La montaña mágica, de Thomas Mann, es uno de esos libros únicos que siempre habría que colar en las antologías de lo imprescindible que, cada equis años, suelen recopilar las revistas semanales y similares. Esta novela sobrecogedora, que convierte la tuberculosis en pura lírica, arranca con un prólogo que Mann titula, con agudeza, Propósito, y que contiene una frase de esas por las que merece la pena vivir toda una vida sólo para escribirla:
«Queremos contar la historia de Hans Castorp, no por él (pues el lector ya llegará a conocerle como un joven modesto y simpático), sino por amor a su historia, que nos parece, hasta el más alto grado, digna de ser contada (en este sentido, debemos recordar en torno a Hans Castorp que ésa es su historia, y que no todas las historias ocurren a cualquiera). Se remonta a un tiempo muy lejano; ya está, en cierto modo, completamente cubierta de una preciosa herrumbre y es, pues, necesario contarla bajo la forma de un pasado remotísimo».

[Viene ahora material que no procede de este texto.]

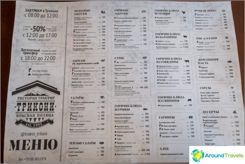 About the tavern «Triconi» I have met several positive reviews and recommendations. So when he got me on my way from Orchard in Krasnaya Polyana in the direction of the Polyansky Vertodrome, without hesitation I turned to the entrance to a low building with a beautiful Nordic facade. I wanted to eat for a long time, so at least one plate of borscht could and should have been mastered.

La frase demoledora, claro, es: «No todas las historias ocurren a cualquiera». Y ahora, el inicio en sentido estricto de la novela, el que Mann escribió bajo las palabras Capítulo primero y La llegada:
«Un modesto joven se dirigía en pleno verano desde Hamburgo, su ciudad natal, a Davos-Platz, en el cantón de los Grisones. Iba allí a hacer una visita de tres semanas».